* Assignment
Each line from the one that holds "Experience worry-free living" to the end of the records is to be retyped exactly. Pictures are not part of the copy.
- Opening Delimiter -
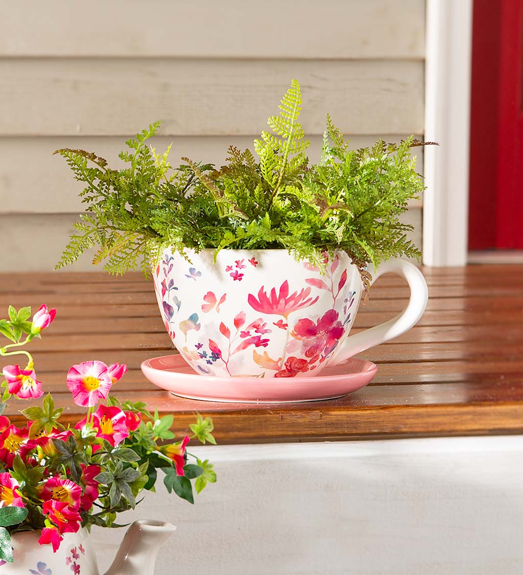 This planter is 5-inches tall with a 7-inch diameter opening – much larger than a typical teacup. It also has drainage holes, so it’s perfect for a small potted plant. The saucer catches any excess water, protecting whatever surface you place this on.
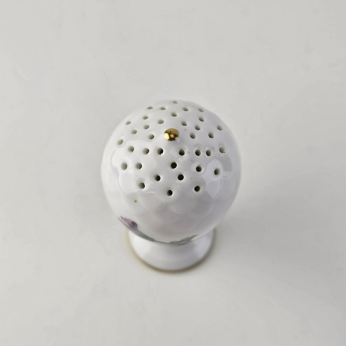 Krysantemum er hvidt porcelæn dekoreret med lys lilla blomst, grønne blade og guldkant.
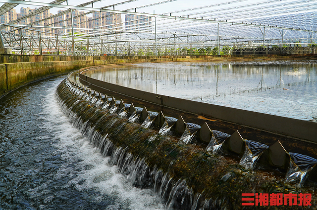 三湘都市報(bào)記者在現(xiàn)場看到,巨大的圓形水池被分成了內(nèi)外兩環(huán),外環(huán)是夾雜了活性污泥的水體,內(nèi)環(huán)則是向外涌出的一股股清澈水體,內(nèi)環(huán)表面還有一個(gè)緩緩轉(zhuǎn)動(dòng)著的刮吸泥機(jī),協(xié)助排除失去了活性的污泥。
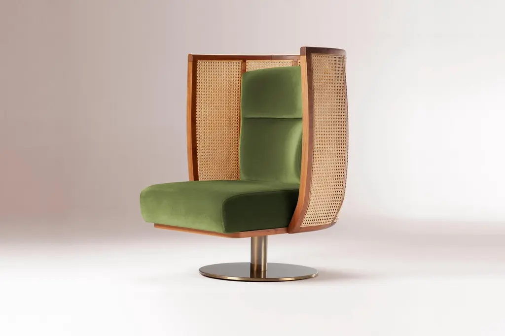 Dooq Swivel Egoísta Armchair With Solid Walnut, Rattan And Green Velvet
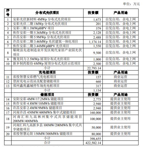 该投资计划包括,安彩光伏新材料4MWp分布式光伏项目、安彩光伏二期1MWp分布式光伏项目等10个分布式光伏项目,3个充电桩项目以及7个储能项目。光伏项目拟投资2.28亿元,储能项目总计投资10亿元
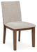 Experience worry-free living with this dining chair. Handle life's little messes with ease thanks to washable Next-Gen Nuvella™ performance fabric. Designed to effortlessly blend casual and refined aesthetics, the rich brown butcher block veneer exudes a modern, relaxed vibe you'll love.
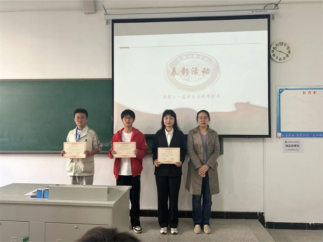 大会表彰了第四届学生会优秀工作标兵,他们分别是主席团周照、部长级刘少宏、干事张天赐,刘玉婕老师为三位优秀工作标兵颁发奖状。感谢他们一年来的辛苦付出,祝愿他们以学生会为基石,策马扬帆,未来更加璀璨光明。
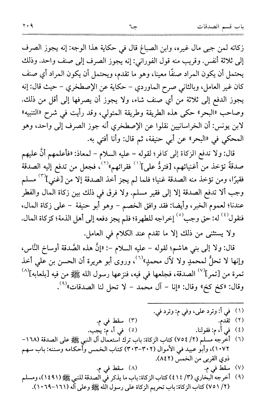 قال: ولا إلى بني هاشم؛ لقوله – عليه السلام -:"إنَّ هذه الصَّدقة أوساخ النَّاس، إنها لا تحلُّ لمحمدٍ ولا لآل محمدٍ"، وروى أبو هريرة أن الحسن بن علي أخذ تمرة من [تمر] الصدقة، فجعلها في فيه، فنزعها رسول الله صلى الله عليه وسلم من فيه [بلعابه] وقال: "كخ كخ" وقال: "إنا – آل محمد – لا تحل لنا الصدقات".
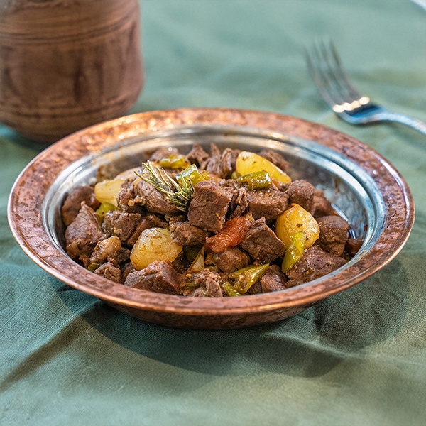 Dana pöçten yapılır. Güveçte pişmiştir. Yoğurtlu köz patlıcan ezme, salata, domates, biber ve pide ile servis edilir.
- Closing Delimiter -
* Output of the task
 Experience worry-free living with this dining chair. Handle life's little messes with ease thanks to washable Next-Gen Nuvella™ performance fabric. Designed to effortlessly blend casual and refined aesthetics, the rich brown butcher block veneer exudes a modern, relaxed vibe you'll love.
 大会表彰了第四届学生会优秀工作标兵,他们分别是主席团周照、部长级刘少宏、干事张天赐,刘玉婕老师为三位优秀工作标兵颁发奖状。感谢他们一年来的辛苦付出,祝愿他们以学生会为基石,策马扬帆,未来更加璀璨光明。
 قال: ولا إلى بني هاشم؛ لقوله – عليه السلام -:"إنَّ هذه الصَّدقة أوساخ النَّاس، إنها لا تحلُّ لمحمدٍ ولا لآل محمدٍ"، وروى أبو هريرة أن الحسن بن علي أخذ تمرة من [تمر] الصدقة، فجعلها في فيه، فنزعها رسول الله صلى الله عليه وسلم من فيه [بلعابه] وقال: "كخ كخ" وقال: "إنا – آل محمد – لا تحل لنا الصدقات".
 Dana pöçten yapılır. Güveçte pişmiştir. Yoğurtlu köz patlıcan ezme, salata, domates, biber ve pide ile servis edilir.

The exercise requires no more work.